If you were looking to take that kind of information and send it to a data warehouse or analytics platform in the moment, Braze Currents makes that possible. By taking advantage of this feature, you can send that data directly into Amazon S3 or analytics platforms like Amplitude or Mixpanel, making it possible to perform the kinds of in-depth analysis that it takes to identify underlying trends or identify deeper insights associated with your target cohorts on a potentially unbounded data set.
On the other hand, if your brand is looking to get a snapshot of this data as it stands today, they might well make use of the Braze REST APIs to do it. This would necessarily be a bounded data set—because it’s complete as of the time it’s extracted—and taking this approach won’t give you an in the moment look at the information it contains.
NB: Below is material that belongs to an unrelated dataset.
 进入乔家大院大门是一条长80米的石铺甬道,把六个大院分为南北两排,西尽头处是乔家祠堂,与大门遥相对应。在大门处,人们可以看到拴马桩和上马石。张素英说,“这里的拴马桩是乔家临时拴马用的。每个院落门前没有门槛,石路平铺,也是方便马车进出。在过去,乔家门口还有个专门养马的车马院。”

However, it does make it possible to do regular or ad hoc mass exports of this information.
In a case like this, determining which kind of data set is the one you need (and which data export tool you use) is going to depend on what your team is looking to accomplish.
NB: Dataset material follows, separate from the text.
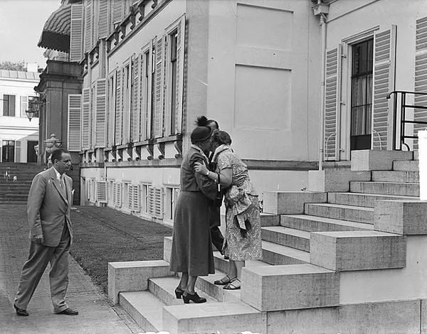 Koningin Juliana begroet de vrouw van president Roosevelt Foto: Wikimedia Commons

You need accurate, timely data—and leveraging an unbounded data set that’s updated in real time can provide that.
When it comes to sending messaging campaigns that leverage in the moment data, Braze, for instance, makes it possible using its Connected Content feature, which allows brands to dynamically pull in information from first- and third-party sources to enrich or customize their outreach. Because Connected Content works in a fundamentally ad hoc manner, grabbing information via API when affected messages are sent, this feature is most effective if the systems that the outreach is drawing on are being updated in real-time. After all, dynamically adjusting the push notifications you send to reflect the weather in each recipients’ region can make your messages feel more responsive and relevant—but not if you’re pulling that information from a public API that only has access to information about yesterday's weather.
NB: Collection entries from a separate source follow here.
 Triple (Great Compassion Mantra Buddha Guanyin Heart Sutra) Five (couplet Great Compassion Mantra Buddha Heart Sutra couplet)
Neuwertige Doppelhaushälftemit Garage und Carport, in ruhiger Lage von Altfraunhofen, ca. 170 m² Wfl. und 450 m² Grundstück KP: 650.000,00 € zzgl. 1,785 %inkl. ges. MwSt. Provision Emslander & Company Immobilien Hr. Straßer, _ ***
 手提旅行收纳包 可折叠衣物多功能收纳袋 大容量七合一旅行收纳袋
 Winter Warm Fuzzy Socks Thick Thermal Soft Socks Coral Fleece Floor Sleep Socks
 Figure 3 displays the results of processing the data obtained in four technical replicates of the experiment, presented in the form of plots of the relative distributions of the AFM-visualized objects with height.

Yes and no. If your brand is leveraging a data streaming engine, it’s theoretically possible for you to be working from an unbounded data set that’s continually updating, supporting action on that data in the moment—which is what real-time data would seem to promise.
But the phrase “real-time data” has been degraded over the years, with many technology vendors and brands using it to refer to data processing that doesn’t happen in the moment. Often it means “kind-of, sort-of approaching real-time,” with data processing happening every few hours or every day (or even less often, in some cases). That lag doesn’t always matter; if you’re sending a messaging campaign for customers’ birthdays, the fact that “real-time” often doesn’t mean real-time isn’t likely to be an issue. But if the outreach you’re sending depends on relevancy, you want to be drawing from a data set that isn’t hours or days out of date.
Not necessarily. There are some customer profile attributes that are likely to remain more static (someone’s reported gender or home address, for example).
But while it’s true that not all types of data need to be processed in the moment to be useful, when all the data in your brand’s possession is batch processed, it can be hard to get a full picture of any individual customer at any given moment. After all, life doesn’t stop happening just because your data set is between batches; to really capture the consumer experience, brands need to move beyond approaches that place artificial restrictions on the unbounded, potentially infinite data sets that their customers generate.